The difference between day one and day thirty isn’t more code or better prompts. It’s accumulated memory, recalled at the right time.

The cost question

People ask about this, so here’s the math. MemoClaw charges $0.005 per store or recall. If your agent stores 10 memories and recalls 5 per session, that’s $0.075 per session.

Compare that to loading a 30KB MEMORY.md every turn. At ~7,500 tokens and $0.003/1K tokens, that’s $0.0225 per turn. Over a 20-turn session, you’ve spent $0.45 just on reading the same file repeatedly — and most of that context was irrelevant.

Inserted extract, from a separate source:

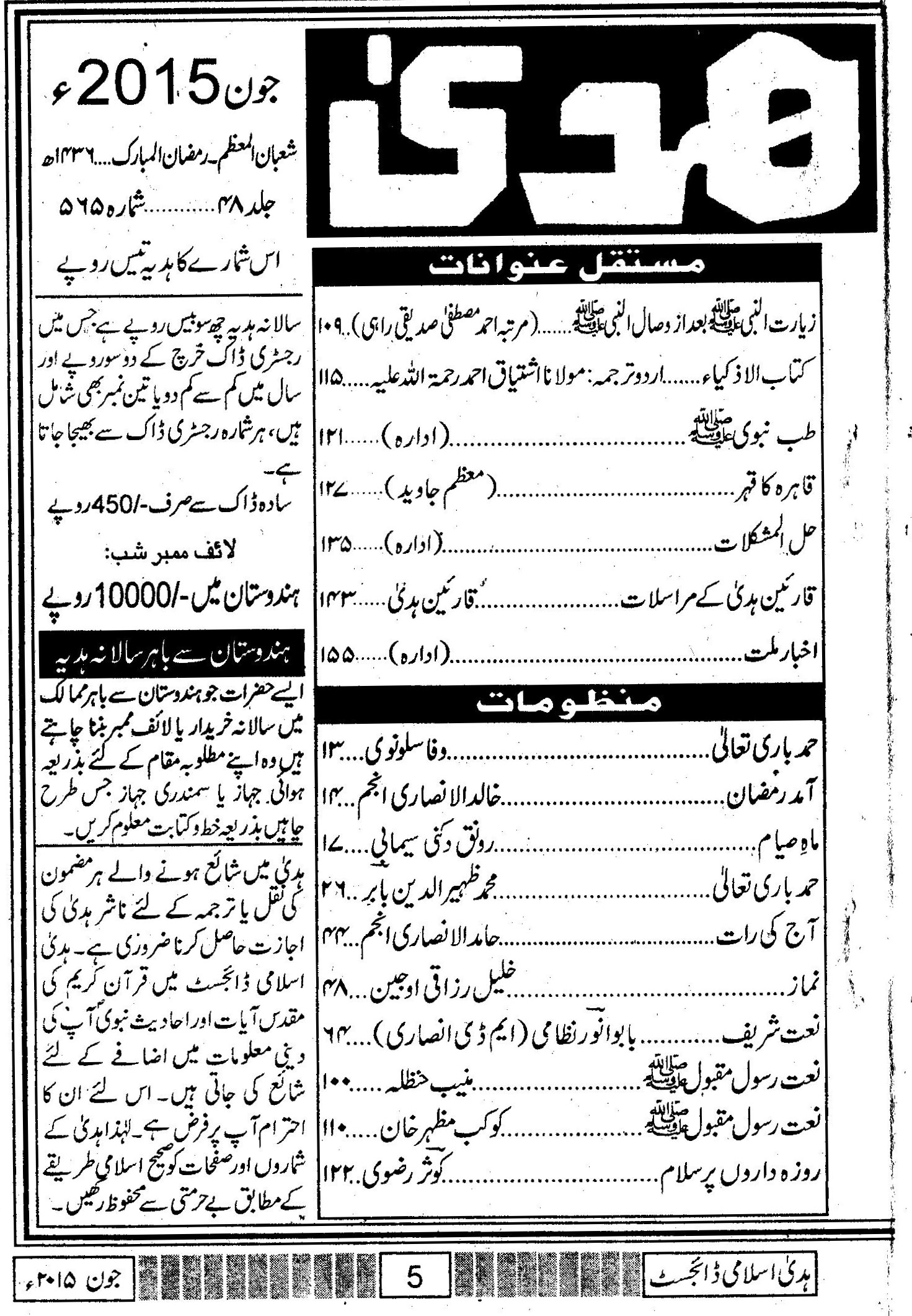 Huda Islamic Digest : June 2015 : Shabaan / Ramzaan – 1436 Hijri
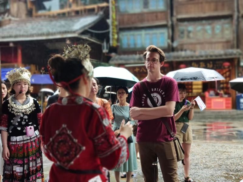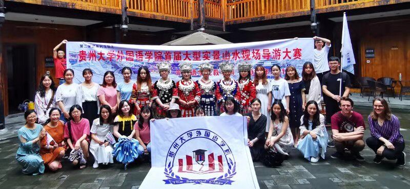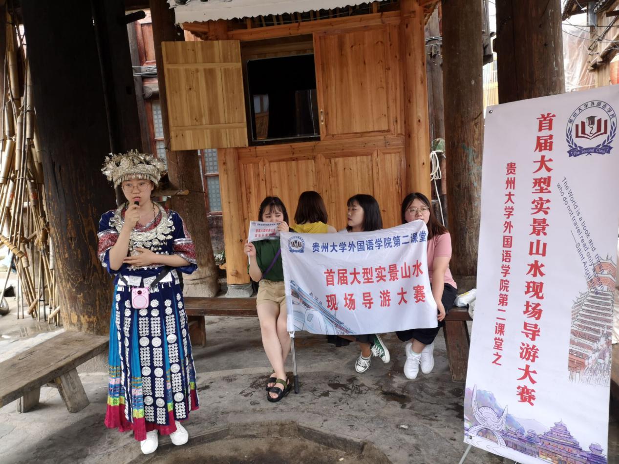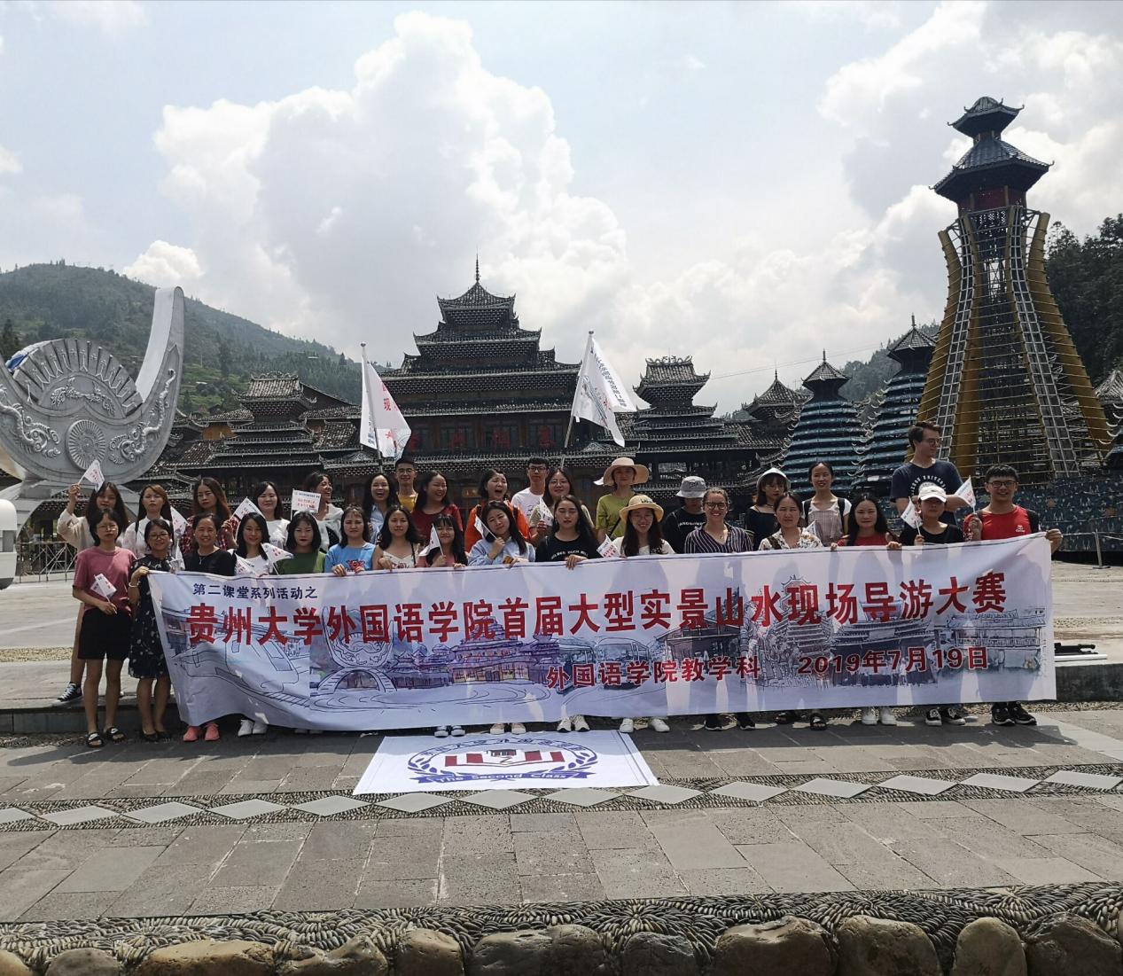 新蒲京娱乐场官网3245教学科讯 2019年7月19日,新蒲京娱乐场官网3245第二课堂首届大型实景山水现场导游大赛在肇兴侗寨拉开帷幕。外教Austin老师,Zoe老师,关志远老师,田婷老师,彭芳坪老师及英语163班全体成员参与此次活动。此次现场导游大赛与以往的模拟导游大赛最大的不同是同学们来到了真实的旅游景点,切身体会真实的导游行业。

Selective recall is cheaper than brute-force loading. It’s also faster and produces better results because the agent sees only what matters.

Where this is going

The frameworks will catch up eventually. Some already are — LangGraph has checkpointers, CrewAI added memory, AutoGen has state management. But these are all framework-specific implementations. Your memories are locked to whatever framework you picked.

The bet I’m making: memory should be a service, not a framework feature. Same way you don’t build your own database, you shouldn’t build your own memory layer. Store memories through an API, recall them from anywhere. Switch frameworks without losing what your agent learned.

Your agent’s knowledge shouldn’t be coupled to its runtime. The memories persist. The framework is just the current way of using them.